Маленького моего целую! Котенка моего… А тебя, моя душенька, беспредельно люблю и мучительно жду тебя.
В.
Париж, авеню де Версаль, 130 —
Берлин, Несторштрассе, 22
Любовь моя, любовь моя дорогая, напротив: я очень внимательно читаю твои письма – и даже делаю выписки, чтобы на все ответить.
В Лондоне я остановлюсь в квартире Цетлиных (ее ключи уже у меня в кармане). Вот адрес: 15 Princes House 52 Kensington Park Rd c/o M. Zetlin. London Ж. И. Еду я туда чуть-чуть позже, а именно 17-го вечером, ибо выступление у Саблиных 25-го. Кроме того, Глеб устраивает целых две англо-русских встречи, из которых одна платная. Предполагаю, вообще говоря, выступить по-английски с отрывком из «Me» (временное заглавие), так как меня очень ободрили мои французские успехи. Пурталес, автор многих «romancées», извивался, пока я читал о грехах биографов! Письмо от Глеба – неожиданно толковое. Я много писем написал в Англию, сообразно со здешними советами. Leon, его жена и сестры – чрезвычайно обязательны и милы. Получил приглашение от знакомых Канегис. в Кэмбридж – непременно поеду.
Жданов уже в Лондоне, там «сведет» меня с К.; опять мелькнула надежда на воплощение «Кам. обск.», но я не очень верю, что выйдет. Вижу тысячу людей – Кокошкиных-Гуаданини (don’t you dare be jealous), Тэффи, Буниных, Татариновых. Вчера был у Л. С. Гавронской, где перс показывал замечательные фокусы, а потом Берберова, очень ритмично правя, повезла меня и Ильюшу домой, причем у самого дома автомобильчик сломался. Назначены еще два французских чтения, в начале марта.
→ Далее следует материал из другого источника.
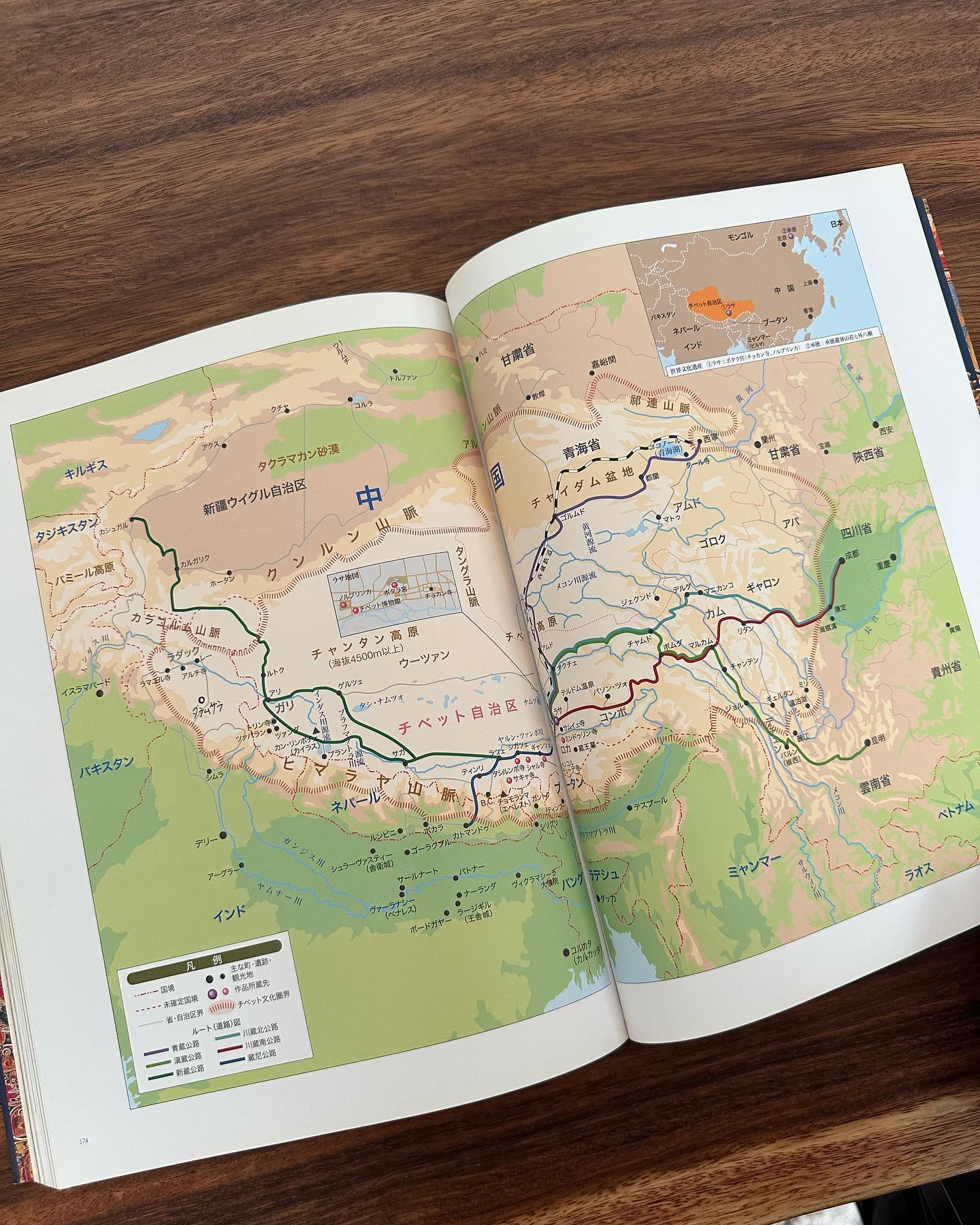 我が家にはチベット関連の書籍や絵画などが少なからずある。2009年に日本へ一時帰国した際、九州国立博物館で開催された「聖地チベット/ポタラ宮と天空の至宝」を訪れた。その時に購入した目録がすばらしい。巻末の地図を見れば、チベットが天然資源も豊かに、さまざまな川の水源を擁していることがわかる。軍事的な要衝地としても地理的に有利であるがゆえの、この国の悲劇を思う。

Пожалуйста, пошли Денису (замучившему меня) экземпляр «Весны в Ф.» (найдешь оттиск в сундуке): он жаждет переводить и собирается выпустить ее купно с «Aguet». Кроме того, пошли (или скажи «Petrop.» послать) экземпляр «Отчаяния» к Antonini (6, rue Corot), он пишет обо мне. И прошу тебя, душка, еще: пошли фотографии мальчиковые маме. Я с моими не могу расстаться. Рассказ о воронах и ласточках тут имел шумный успех. Душенька мой!
К Wilson отослал. Да, – кухня, кажется, неважнец. Я все-таки смею полагать, что мы поедем именно на юг, – но это решится по возвращению из Лондона. Думаю вернуться сюда 27 февр. Часто говорю с Люсей по телефону. Не is very nice, but rather impossible. Придумывает сложные паутинки из пустяков и производит опыты вещей, которых заведомо не собирается осуществить. Завтра встречаюсь с ним и с Моревской (бывшей, кстати, у Гавронской). Продолжаю ужасно страдать от псориазиса: он достиг размеров еще не виданных, а особенно неприятно, что и лицо пегое. Но самое страшное – зуд. Дико мечтаю о покое, мази, солнце… Сегодня Зин-Зин болен, и Влад. Мих. купил ему курицу. Сейчас буду писать к Чернавиной, отменяя. Это большое облегчение, должен сказать.
I love you. Вот уже месяц прошел… Очень хочется писать, но об этом сейчас и думать нельзя.
Привет Анюте, напишу ей на днях опять. Люся не едет никуда 15-го.
Му darling! В.
Есть у тебя статья Ходас.? А то пришлю.